Developing a sense of good cheer in the face of adversity, you can specifically use adversity as the support for refuge and true spiritual development. I am discussing how you relate to your suffering, how you relate to your adversity, as it affects you in life and on the path.

Now, as you know, whenever you are suffering by way of the body, speech, and mind, be it physical illness or a mental affliction, this is a very big deal to you. Usually it appears as something major. Even if it’s minor, you make it into some great distress. If you lose a little money or if someone speaks nastily to you, it invokes a strong reaction. This is called “appearances arising as the enemy.” When your habituation to adversity reaches such a point that you actually fall prey to appearances arising as the enemy, it means that you no longer have patience for suffering.

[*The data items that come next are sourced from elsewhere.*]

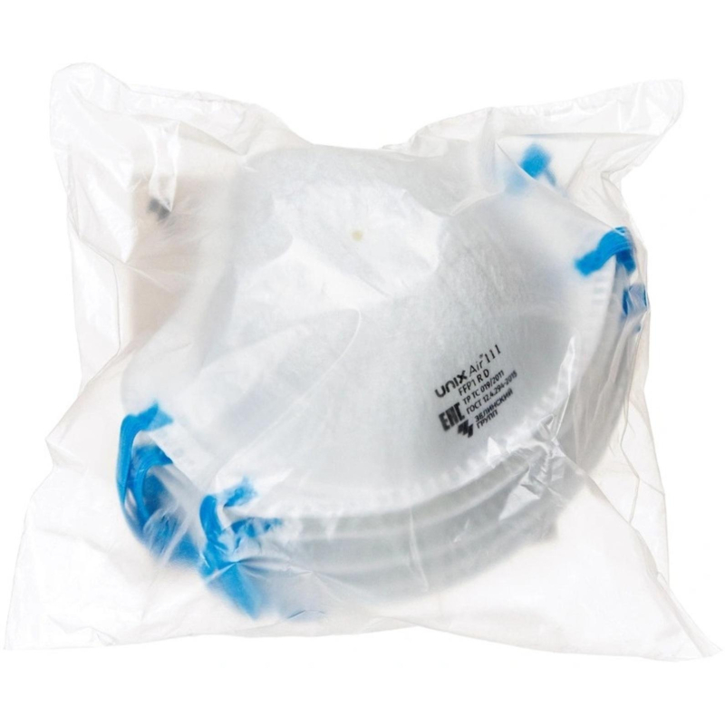 Респиратор Unix Air 112 противоаэрозольный без клапана FFP2 RD до 12 ПДК предназначен для защиты от аэрозолей и различных видов пыли (минеральной, металлической, животной, растительной, синтетических моющих средств и др.). Условия эксплуатации: при объемном содержании кислорода в воздухе не менее 17%, концентрация аэрозолей в воздухе для Р2 не более 200 мг/м3, при температуре окружающей среды от 0 до 40 °С, ГСХ - 3 года. Класс фильтрующей эффективности - FFP2 класс средней эффективности, вредные аэрозоли в виде пыли, дыма и тумана до 10 ПДК. Тип респиратора - чашеобразный. Респиратор совместим с защитными очками, щитками, касками. Один универсальный размер. Многоразовое использование. Легкая, масса без клапана - не более 9 г. Количество в промежуточной упаковке по 5 шт, в гофроящике (592x392x285) - 240 шт. Особая форма полумаски в области переносицы гарантирует плотное и стабильное прилегание, широкая полоса обтюрации и мягкий внутренний слой корпуса полумаски обеспечивают хорошее прилегание и удобную посадку на лице, формованная конструкция внешнего слоя корпуса создает каркасность полумаски, препятствуя соприкосновению с лицом при вдохе, эластичное оголовье с четырьмя точками крепления обеспечивает надежную фиксацию полумаски на лице, уплотнитель по внутреннему периметру полумаски обеспечивает плотное прилегание к лицу и предотвращает подсос воздуха в подмасочное пространство. Область применения: применяется в металлургии, строительстве, машиностроении, судостроении, керамическом производстве, производстве кирпича, лесопильных предприятиях, работе в карьерах и открытых разрезах, агрохимия и др. Соответствует требованиям ТР ТС 019/2011, ГОСТ 12.4.294-2015. ЗАКОНОДАТЕЛЬНЫЕ И ТЕХНИЧЕСКИЕ ДОКУМЕНТЫ:
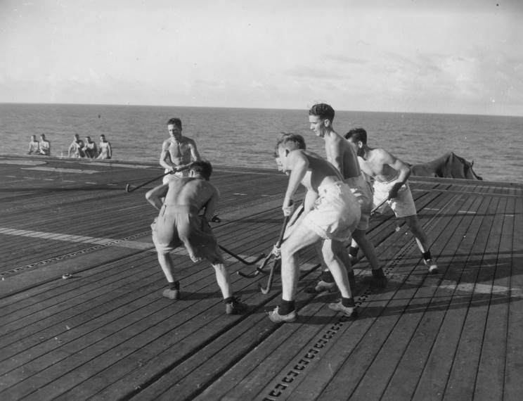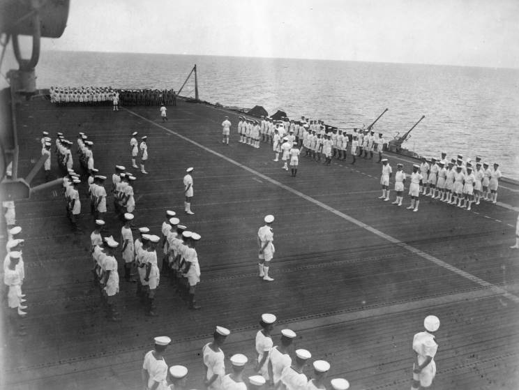 Sunday divisions on the flight deck of HMS Arbiter. |
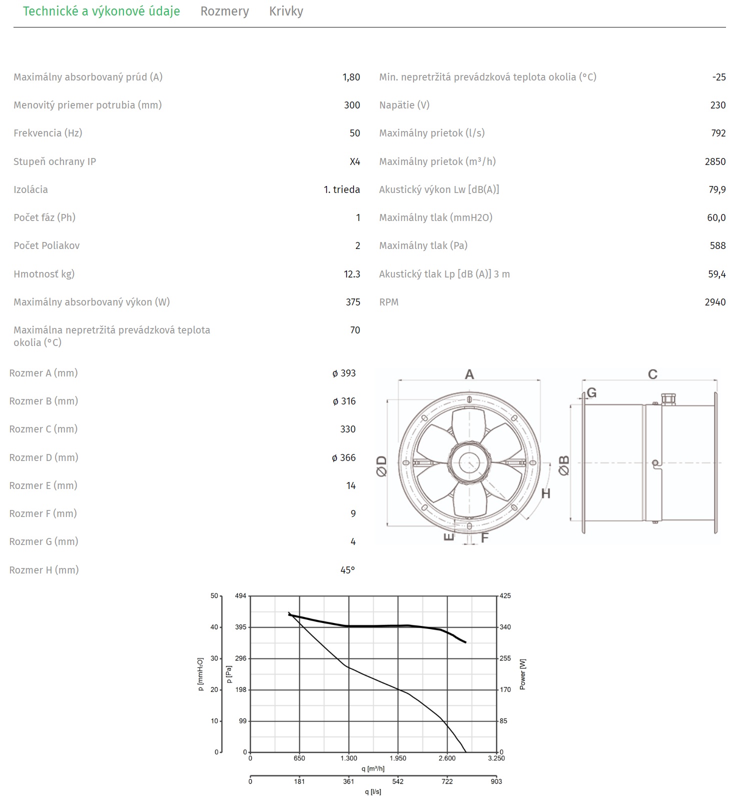 • Maximálny prietok 2 860 m3/h.
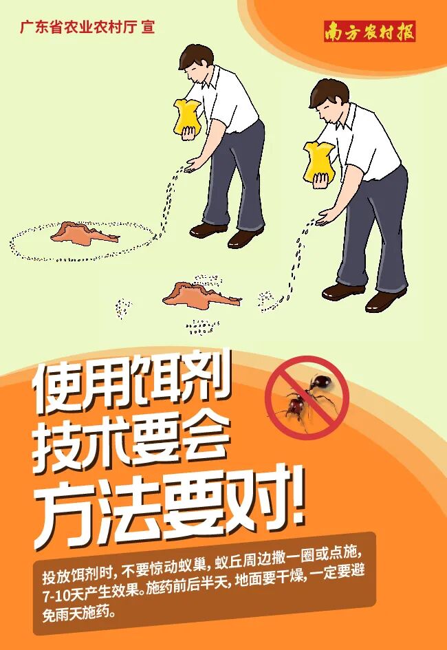 室外现场环节干货满满、实用性强。植保专家详细讲解了红火蚁蚁巢寻找、蚁巢辨别、红火蚁习性等专业知识,深入田间现场演示了饵剂施药,生动形象地展示了如何科学、高效地扑灭红火蚁,并与现场人员进行了互动和解答。来自南庄镇基层的一名技术员谈道:“我之前是将药直接撒在蚁巢上,这次看到专家是将药撒在蚁巢周边,诱导红火蚁搬进去,这样灭蚁更科学”。

…If you can’t bear the minor aspects of adversity in this, the best rebirth in cyclic existence, the precious human rebirth, what will you do when you’re reborn in the three lower realms? Samsara is so vast, so deep and limitless, and the number of sentient beings within samsara are equal to that. All of them want to be free; all of them desire liberation. You should consider then how unnecessary or pointless it is to think that your small problems in this fortunate life are so great, when in fact they really are not.

Any rebirth in this ocean of cyclic existence will by nature bring this type of discontent or suffering. Since you’ve been in this cycle of rebirths from beginningless time until now and you are still not free, it points out the fact that help is needed. Refuge is necessary. Adversity then becomes the support for training in refuge, which demonstrates that adversity is used to your advantage.(p.44)

–from Meditation, Transformation, and Dream Yoga by Ven. Gyatrul Rinpoche, trans. by B. Alan Wallace and Sangye Khandro, published by Snow Lion Publications

Meditation, Transformation, and Dream Yoga • Now at 5O% off!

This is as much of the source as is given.